## Task to carry out
I need the lines below from the one with "旨み広がる真昆布醤油をさきい" down to the one with "Uzyskanie uprawnień budowlanych" reproduced exactly, both ends included, and nothing else.

## Given records

* * *

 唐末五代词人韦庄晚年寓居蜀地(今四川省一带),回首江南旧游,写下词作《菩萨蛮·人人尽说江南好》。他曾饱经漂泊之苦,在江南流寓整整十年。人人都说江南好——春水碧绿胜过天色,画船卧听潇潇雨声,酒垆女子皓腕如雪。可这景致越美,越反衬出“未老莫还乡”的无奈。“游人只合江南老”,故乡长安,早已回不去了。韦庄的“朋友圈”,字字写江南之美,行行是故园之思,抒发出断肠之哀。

* * *

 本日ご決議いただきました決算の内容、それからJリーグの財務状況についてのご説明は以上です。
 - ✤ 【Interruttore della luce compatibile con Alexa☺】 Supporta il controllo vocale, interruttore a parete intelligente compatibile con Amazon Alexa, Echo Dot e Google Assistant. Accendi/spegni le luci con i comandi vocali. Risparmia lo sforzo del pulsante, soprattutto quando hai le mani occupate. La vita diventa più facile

* * *

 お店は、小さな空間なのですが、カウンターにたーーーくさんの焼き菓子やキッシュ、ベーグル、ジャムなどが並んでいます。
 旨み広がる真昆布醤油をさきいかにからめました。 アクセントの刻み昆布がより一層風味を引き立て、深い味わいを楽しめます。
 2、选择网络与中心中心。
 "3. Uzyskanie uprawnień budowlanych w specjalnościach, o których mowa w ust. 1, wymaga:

* * *

## Answer box
 旨み広がる真昆布醤油をさきいかにからめました。 アクセントの刻み昆布がより一層風味を引き立て、深い味わいを楽しめます。
 2、选择网络与中心中心。
 "3. Uzyskanie uprawnień budowlanych w specjalnościach, o których mowa w ust. 1, wymaga:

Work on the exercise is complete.